Letda Cpn (K) Alberta Injilia, Anak Manja yang Jadi Penerbang Tangguh TNI AD
ASKARA - Menjadi prajurit Tentara Nasional Indonesia Angkatan Darat (TNI AD) sudah pasti bukan hal mudah. Terlebih menjadi seorang penerbang. Siapa sangka, Alberta Injilia jadi sosok perempuan tangguh di udara yang dimiliki TNI AD.
Dara cantik bernama lengkap Letda Cpn (K) Alberta Injilia itu, merupakan salah satu penerbang helikopter yang memiliki spesifikasi heli Bell 412 dan Heli Serang Fenec AS 550.
Dia sehari-harinya menjabat sebagai Perwira Penerbang II Flight Heli Serang Skadron-12/Serbu Way Tuba. Pilot wanita dari suku Dayak Kalimantan Barat itu mengaku menyukai tantangan. Karenanya dirinya memutuskan masuk dunia militer.
"Sebenarnya saya suka sesuatu yang bisa dibilang menantang adrenalin. Makanya saya pikir, mungkin militer lebih cocok untuk saya," kata Alberta Injilia dalam channel YouTube Pendam Tanjungpura beberapa waktu lalu.
Dia juga menceritakan perjalanan karirnya di dunia militer. Berawal setelah lulus sekolah dari SMA Taruna Bumi Khatulistiwa Kubu Raya, dirinya mengikuti seleksi Taruni Akmil Magelang.
Berkat kegigihannya tanpa kenal kata menyerah, mengantarkannya menjadi salah seorang calon Taruni yang lulus untuk menempuh pendidikan di lembah Tidar Magelang.
"Setelah saya lulus di Akmil selama 4 tahun. Saya sekolah lagi di penerbangan angkatan darat tepatnya di Pusdiklat Penerbad Semarang selama 1 tahun. Setelah itu mulai belajar terbang dan membawa heli," tutur Anong disapanya.
Perempuan kelahiran Kalimantan Barat, tepatnya di Kecamatan Nanga Taman, Kabupaten Sekadau, merupakan anak ketiga dari empat bersaudara, dari pasangan Arkadius Ardi (59) dan Sopianita (49).
Menurut Sopianita ibu Anong, sosok putrinya itu dikenal manja. Namun tidak mudah menyerah dalam mewujudkan sesuatu yang diinginkan.

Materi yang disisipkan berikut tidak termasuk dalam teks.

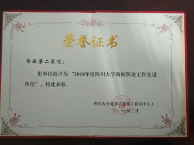 我院荣获“2018年度四川大学新闻舆论工作先进单位”表彰
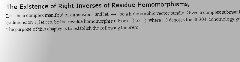 Wissenschaft und Verantwortung,Let . be a complex manifold of dimension . and let .→ . be a holomorphic vector bundle. Given a complex submanifold . of codimension 1, let res. be the residue homomorphism from ...) to ...), where ...) denotes the ?0304-cohomology group of type (.). The purpose of this chapter is to establish the following theorem.
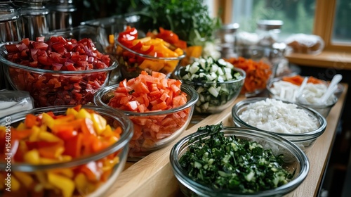 A vibrant display of freshly chopped vegetables arranged in glass bowls, showcasing a variety of colors and textures ideal for healthy meal preparations and recipes.
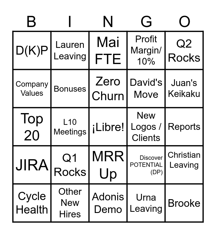 This bingo card has a free space and 24 words: Q1 Rocks, Other New Hires, Zero Churn, Cycle Health, Q2 Rocks, D(K)P, Company Values, Lauren Leaving, New Logos / Clients, MRR Up, David's Move, Top 20, Discover POTENTIAL (DP), Christian Leaving, Bonuses, Urna Leaving, Reports, Mai FTE, Juan's Keikaku, L10 Meetings, Brooke, JIRA, Profit Margin/ 10% and Adonis Demo.
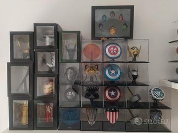 Vendo splendida e rara collezione Marvel Movie Museum (edita da DeAgostini / Eaglemoss). La raccolta comprende 44 pezzi iconici del Marvel Cinematic Universe, riprodotti fedelmente in scala con materiali di alta qualità e finiture metallizzate. La collezione è stata conservata con massima cura. Molti pezzi sono esposti nelle loro teche originali in plexiglass, mentre altri sono ancora nelle loro scatole protettive. La collezione include (tra i tanti): Caschi: Iron Man (varie Mark tra cui I, VII, XLII), Spider-Man, Black Panther, Ant-Man, Star-Lord, Loki, Ultron, Moon Knight, Daredevil (Yellow suit). Armi e Artefatti: Il Mjolnir e la Stormbreaker di Thor, lo Scudo di Captain America (varie versioni: Classico, Stealth, Captain Carter, Primo Scudo), il Guanto dell'Infinito di Thanos e il Nano Gauntlet di Iron Man. Oggetti Speciali: L'Occhio di Agamotto (Doctor Strange), il Tesseract, l'Orb di Star-Lord, i Reattori Arc di Iron Man e il set completo delle Gemme dell'Infinito incorniciate. Fascicoli: Inclusi tutti i fascicoli originali che approfondiscono la storia di ogni oggetto (fino al numero 44). Stato degli oggetti: Pezzi pari al nuovo. Teche trasparenti incluse per quasi tutti i modelli. Alcuni pezzi ancora nel box originale di spedizione. Note per la vendita: Data la delicatezza e il volume della collezione, preferisco lo scambio a mano a Raffadali o Agrigento, ma sono disponibile a valutare la spedizione. Prezzo: 680 euro Contattatemi solo se seriamente interessati. Non vendo pezzi singoli (o valuto solo lotti consistenti).
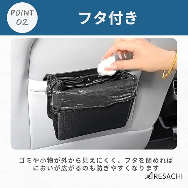 【フタ付きでにおいや見た目をカバー】中に入れたゴミや小物が外から見えにくく、ふたを閉めればにおいが広がるのも防ぎやすくなります。車内の清潔感を保ちやすく、使わないときもすっきりとした見た目をキープできます。ちょっとした気配りで快適な空間づくりをサポートします。
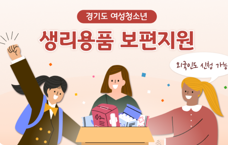 경기도가 7월 15일부터 '2024년 여성청소년 생리용품 보편지원 사업' 2차 온라인 접수를 시작합니다.
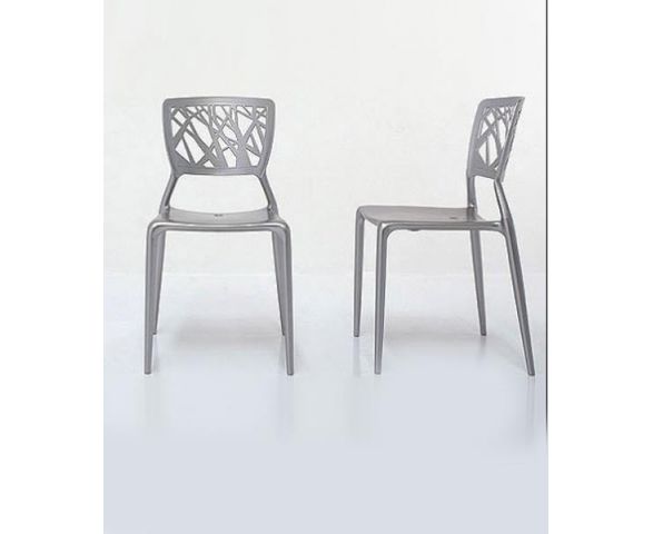 Штабелируемый стул с резной спинкой. Каркас изготовлен из полипропилена. Подходит для использования на улице или в офисе. Доступны версии с гладкой сплошной спинкой.
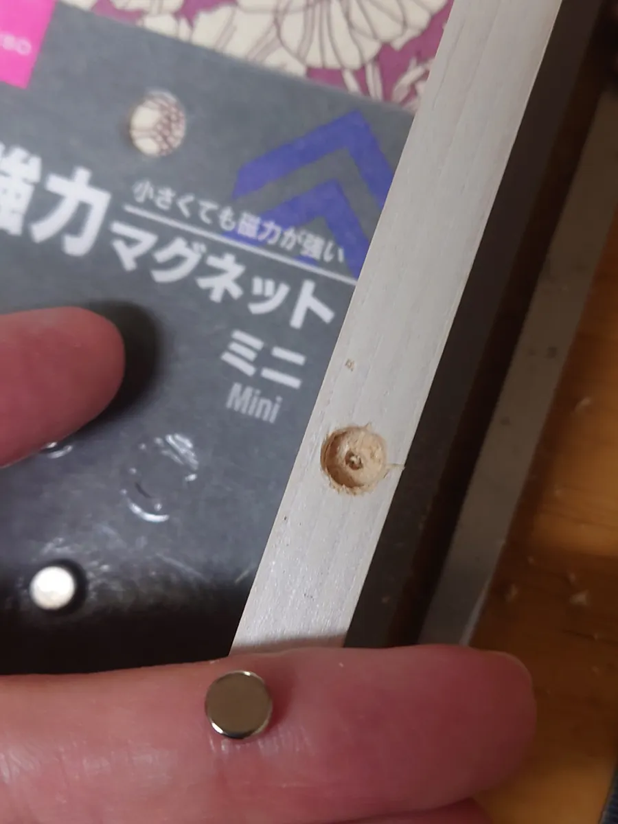 瞬間接着剤を流し込んでマグネットを貼り付けます
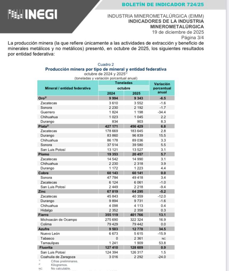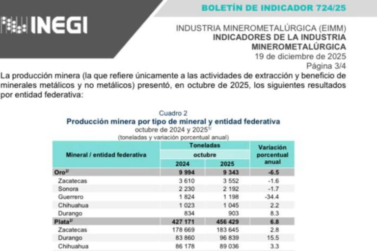 El informe señala que la producción nacional de plata creció 4.5% anual en octubre de 2025, pasando de 323,972 a 338,492 kilogramos. En Zacatecas, la producción aumentó 2.8%, de 178,669 a 183,645 kilogramos, consolidando al estado como pilar estratégico para la industria minera nacional.
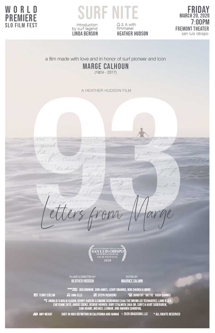 “Catch a wave for me!” “Love and Aloha” “Never Stop Lady!” are just some of the phrases that Marge Calhoun wrote down when she signed off in her many letters to a friend. Her friend happened to be surf documentary filmmaker, Heather Hudson. So when Marge Calhoun passed away in 2017 at the age of 93, the Santa Barbara based filmmaker was inspired to create a film in her honor and to tell her stories in Marge’s own words from the handwritten letters.
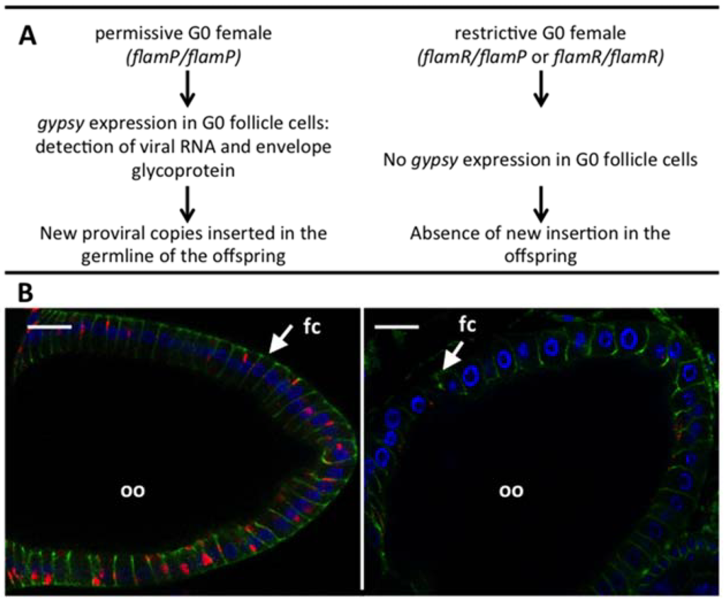 (A) Maternal control of gypsy replication by flamenco; (B) Immunostaining against gypsy envelope in permissive (left) and restrictive (right) egg chambers (scale bar 20 µm). Blue: Dapi; red: gypsy Env; green: Dlg, a cellular protein present at the junctions between follicle cells. fc: follicle cell; oo: oocyte.
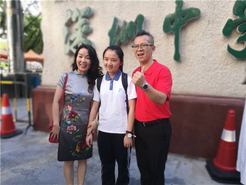红岭高中门口,一对父母与女儿挥手告别,不忘嘱咐一句 " 放轻松,晚上来接你 "!考生母亲说,自己现在准备去上班,晚上来接孩子回家。
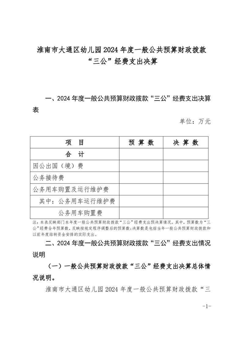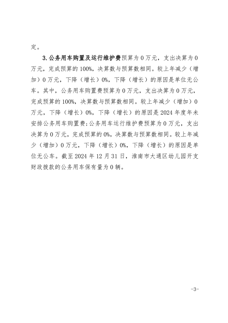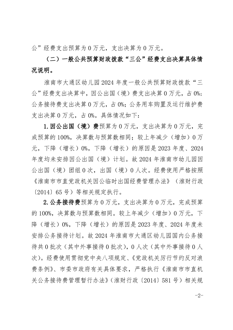 淮南市大通区幼儿园2024年度一般公共预算财政拨款“三公”经费支出决算
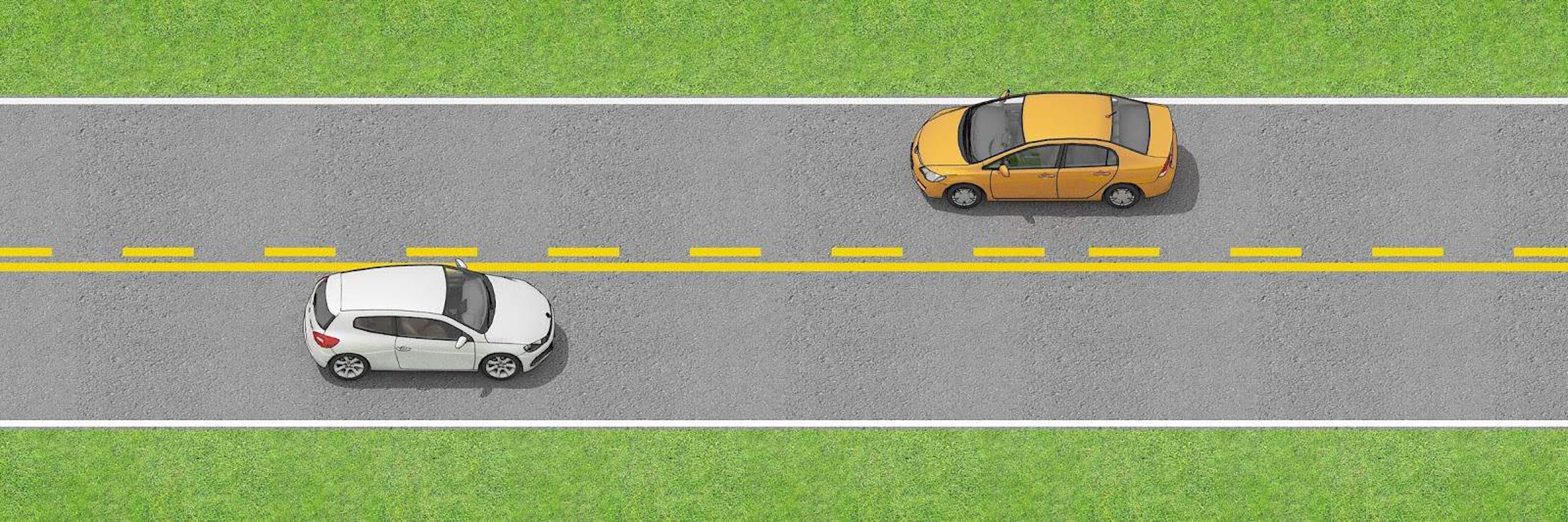 If safe, you may cross broken yellow lines to pass a vehicle in front. Make sure that the road ahead is clear before passing.

Serta tegas pada pilihan cita-cita.
"Pada umumnya seperti anak-anak biasa. Nakal, lugu dan mungkin karena lama menjadi anak bungsu jadi agak manja, keras juga terus lelet," ucap Sopianita.
Anong dapat berhasil menggapai mimpi masa kecilnya yang bercita-cita menjadi seorang prajurit Korps Wanita Angkatan Darat karena dilandasi dengan keberanian.
"Kalau sudah dewasa bisa hidup mandiri, benar dia manja, dia nakal tapi mandiri. Mandiri, nekat dan tetap berani itulah kunci sukses dia bisa masuk Akmil," imbuh ibunya.
Arkadius Ardi, ayah Anong menyebut ahwa anaknya memiliki motivasi yang tinggi meraih mimpinya. Semua berawal ketika dia menjadi anggota Paskibraka di Kubu Raya, tekadnya menjadi prajurit TNI kian bulat.
"Anak ini boleh dikatakan memiliki jiwa kepemimpinan. Kemudian memiliki motivasi cukup tinggi untuk dirinya," jelas Ardi.
Anong sendiri masih mempunyai cita-cita dalam karirnya saat ini yakni, bisa memberikan jendela yang lebih luas melalui dunia penerbangan.
"Punya satu cita-cita di dunia penerbangan, saya pengin jadi seorang instruktur penerbang. Karena hebat bisa melahirkan penerbang-penerbang handal," tandas perempuan kelahiran 14 September 1996 itu.